─── DATA ───

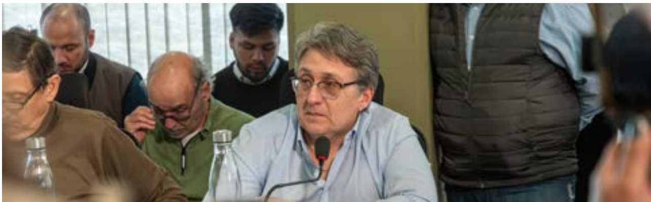
Espeche destacó que “la actividad turística es un pilar fundamental para el desarrollo económico local y no podemos restringir indebidamente a quienes prestan servicios de transporte cumpliendo con todos los requisitos de seguridad”.

a los trabajadores y prestadores del sector, quienes cumplen un rol esencial en la economía de Ushuaia.
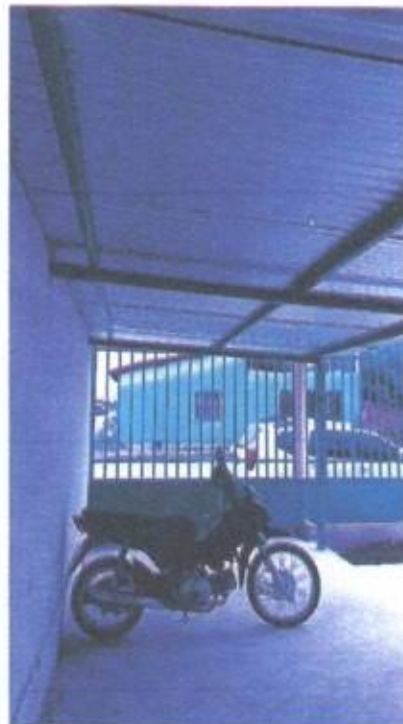
Imagem 12- Estacionamento para motos

Lucas de Barros Monteleza Engenheiro civil CREA-MA 111983915-7
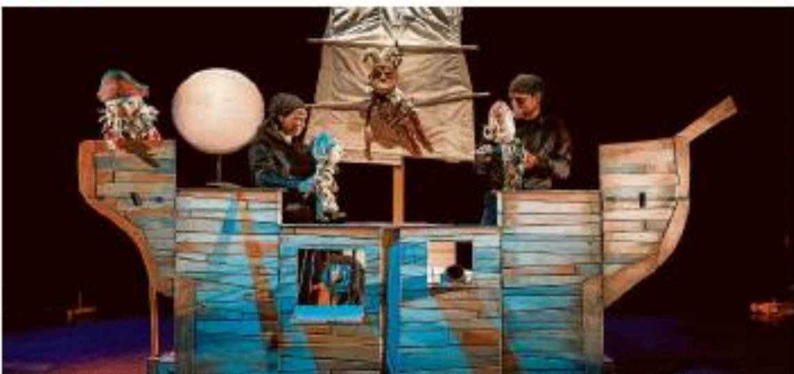
VITERRES. La compañía Teatro Escorpión por primera vez en castellano su nuevo espectáculo de títeres "Adiós, Peter Pan".
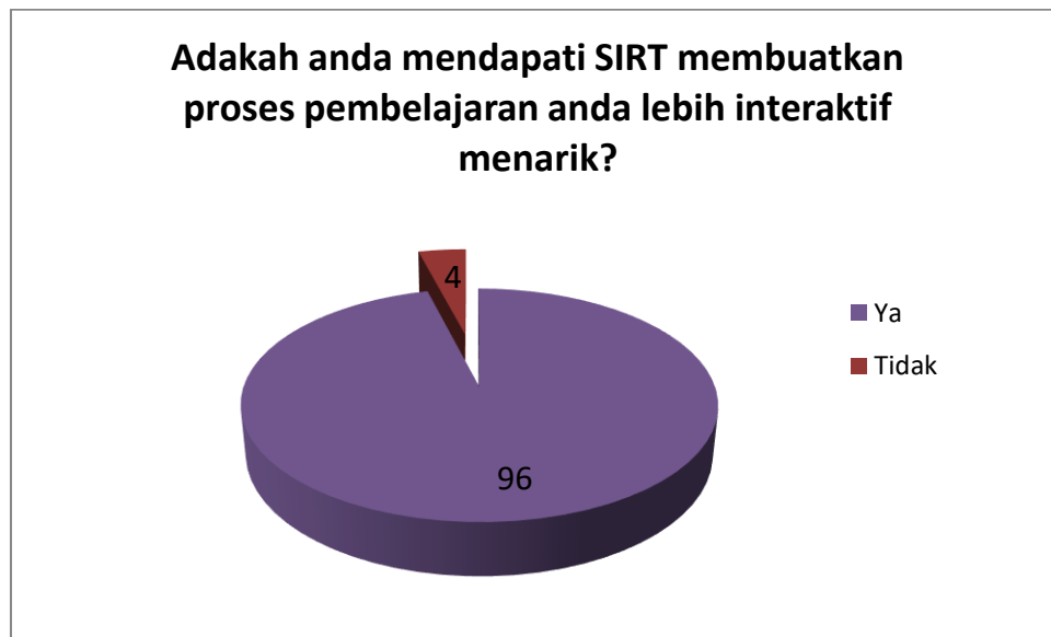
Rajah 2: Pendapat pelajar tentang SIRT yang membuatkan pembelajaran lebih interaktif dan menarik

Rajah 1 diatas menunjukkan tahap kesukaan menggunakan SIRT. Didapati 66 orang pelajar sangat menyukai SIRT dan hanya 5 orang pelajar sahaja yang kurang menyukai SIRT. Ini mungkin kerana ada sesetengah pelajar yang tidak mempunyai kemahiran dalam menggunakan telefon bimbit dan aplikasi yang terdapat di dalam telefon bimbit.
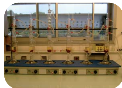
Extraction de métabolites secondaires du bois à l'aide d'un appareil de Soxhlet.

Une très large gamme d'espèces naturellement durables reste encore à étudier afin de déterminer les potentialités de valorisation de leurs composés extractibles.
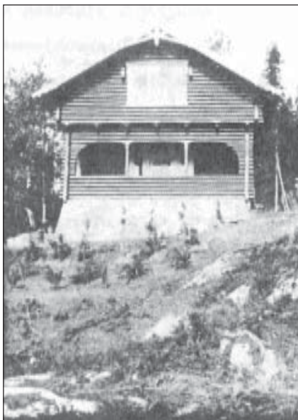
Vettali – et naturlig navn på det første og øverste huset i lia mot Vettakollen.

Artikkelen sto i medlemsblad nr. 2/1994.
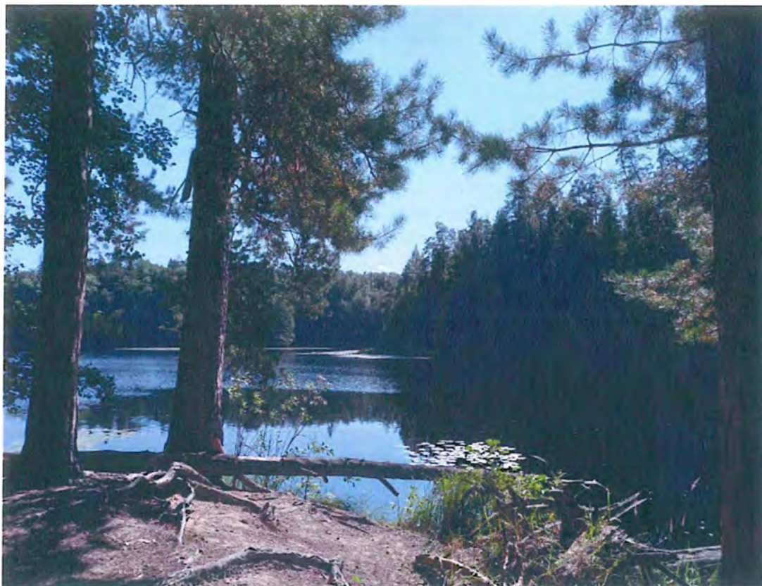
5. Озеро Свято.
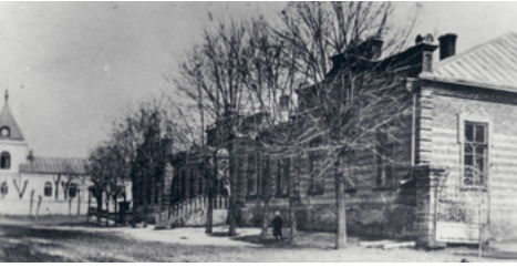
Südwestukrainische Ortschaft Schabo, die 1822 bis 1940 von Waadtländer Winzer:innen besiedelt war
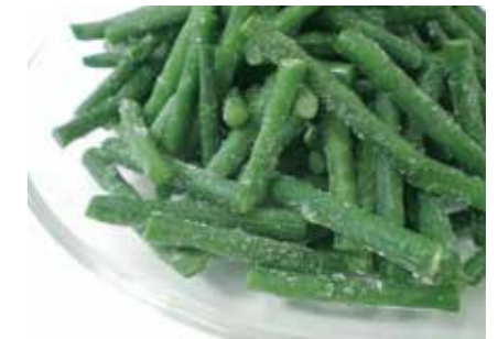
冷凍野菜 ササゲ COWPEA BEAN ●産地/タイ・インドネシア ●荷姿/各種 鮮やかな緑とやわらかい食感が特徴です。
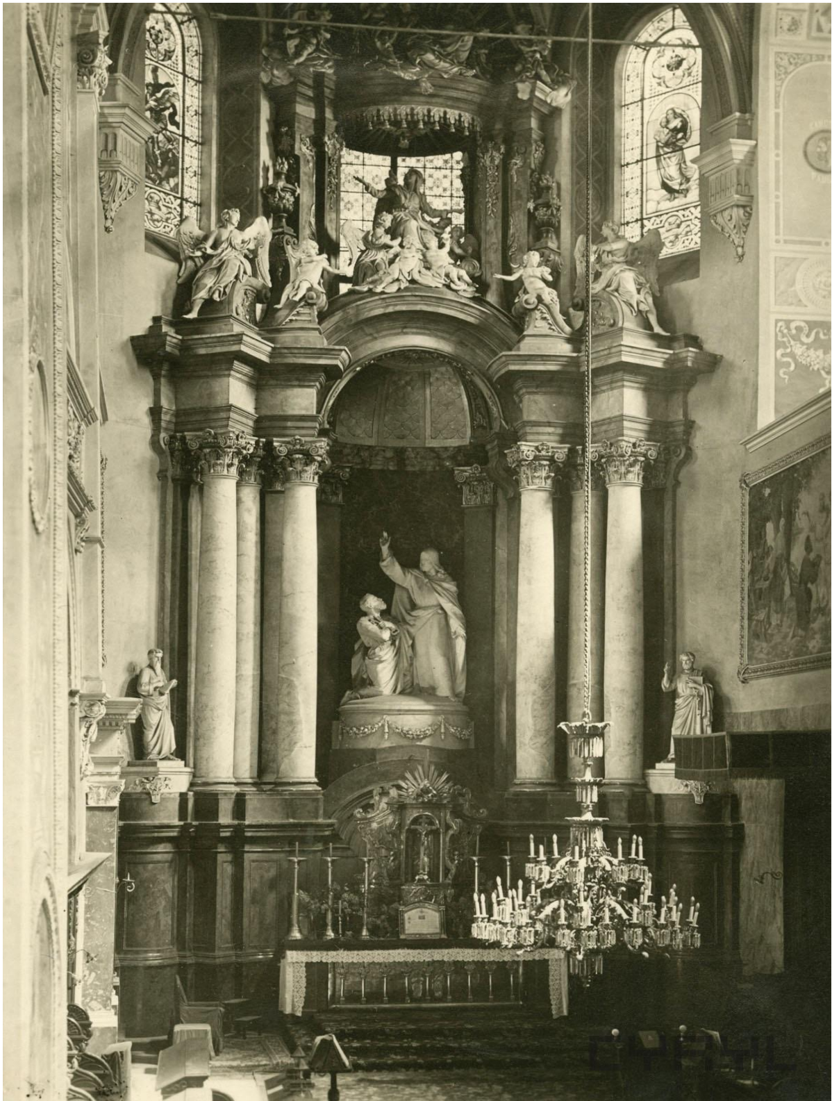
Fot. Roman Stefan Ulatowski. Własność Miejskiego Konserwatora Zabytków w Poznaniu. Zdjęcie pochodzi z: www. cyryl.pl , sygn. CYRYL_18_10_1_9_0001
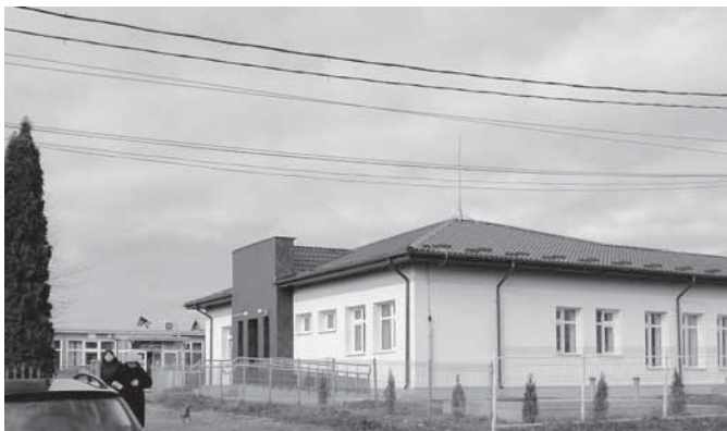
Noul dispensar de la ALBEȘTI

P: Da. Cadastrare pentru intravilan care este diferit de ce este cadastrul general.
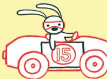
Não é Uma Caixa | 2 JUN
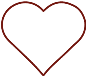
Abbildung 1 Herz
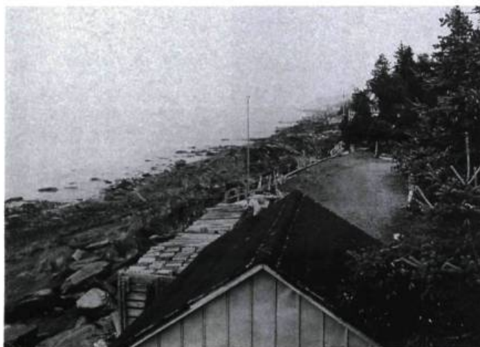
Détail de la première partie : 1,22 x 1,57 m

L'arrivée de quelques visages à la surface du monde, leurs regards sur les choses qui les entourent et nous entourent – ce sont les mêmes – voilà ce qui nous touche infiniment. Nous identifions à eux. Ces instants de matière, ces fragments de décisions, cet assemblage de lumière, ce qui est proposé de nous figurer ici, c'est simplement ceci : notre propre arrivée dans le défilé du monde... Que déciderons-nous d'être : acteurs ou figurants ? □
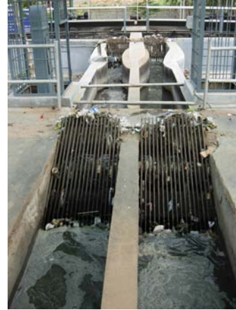
चित्र 18.3 शलाका छन्ने
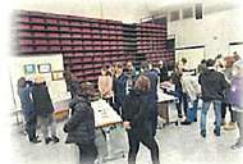
生活工夫展の様子
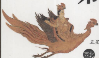
太白星神 五星之一，五行属金
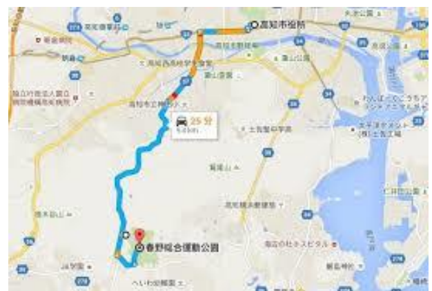
高知県立春野総合運動公園 Map (高知市春野町芳原2485)
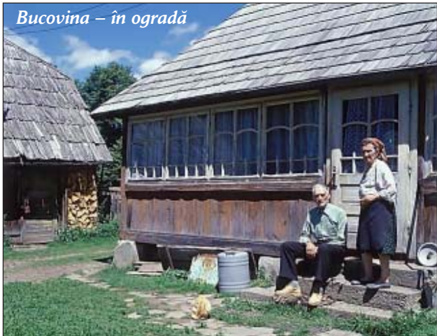
Bucovina – în ogradă
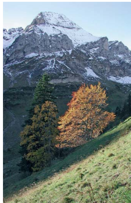
Reizvolle Naturlandschaften prägen das Bild.

Mittlerweile haben die Eidgenössischen Räte in der Herbstsession 2006 die gesetzliche Grundlage für die Schweizer Parkgebiete geschaffen und einer entsprechenden Änderung des Bundesgesetzes über den Natur- und Heimatschutz (NHG) zugestimmt. Jetzt gilt es, die vorhandenen Projekte in einem Projektgesuch an den Bund zusammenzufassen und die Zustimmung der Gemeinden bis zum Frühjahr 2007 einzuholen. Danach kann das Finanzierungsgesuch beim Bund eingereicht und bei einer positiven Antwort mit dem Aufbau eines Naturparks bzw. der Umsetzung der ersten Projekte begonnen werden.
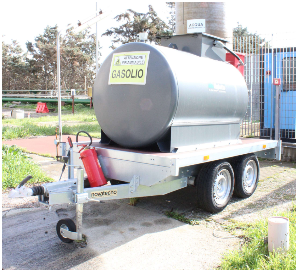
Serbatoio di gasolio C4

Si ritiene pertanto improbabile che tale punto di stoccaggio possa essere causa di contaminazione dei suoli e/o delle falde sotterranee.
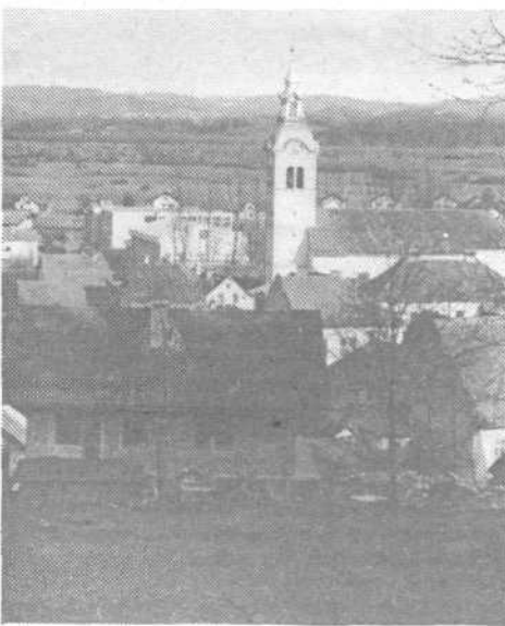
Studenec – Ig
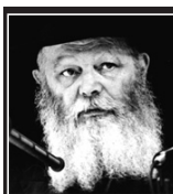
(י' שבט ה'תשנ"ב)

בנוסף ללימוד היומי בחת"ת (חומש, תהילים, תנאים) ישנה סגולה בהחזקת ספרים קדושים אלו בכל מקום ואף ברכב

───

- WHAT YOU NEED TO DO
Please copy the lines above exactly, starting at the line that holds "P: Da. Cadastrare" and ending at the line that holds "L'arrivée de quelques"; include both, but no pictures.

- PROBLEM SOLUTION
P: Da. Cadastrare pentru intravilan care este diferit de ce este cadastrul general.
Não é Uma Caixa | 2 JUN
Abbildung 1 Herz
Détail de la première partie : 1,22 x 1,57 m

L'arrivée de quelques visages à la surface du monde, leurs regards sur les choses qui les entourent et nous entourent – ce sont les mêmes – voilà ce qui nous touche infiniment. Nous identifions à eux. Ces instants de matière, ces fragments de décisions, cet assemblage de lumière, ce qui est proposé de nous figurer ici, c'est simplement ceci : notre propre arrivée dans le défilé du monde... Que déciderons-nous d'être : acteurs ou figurants ? □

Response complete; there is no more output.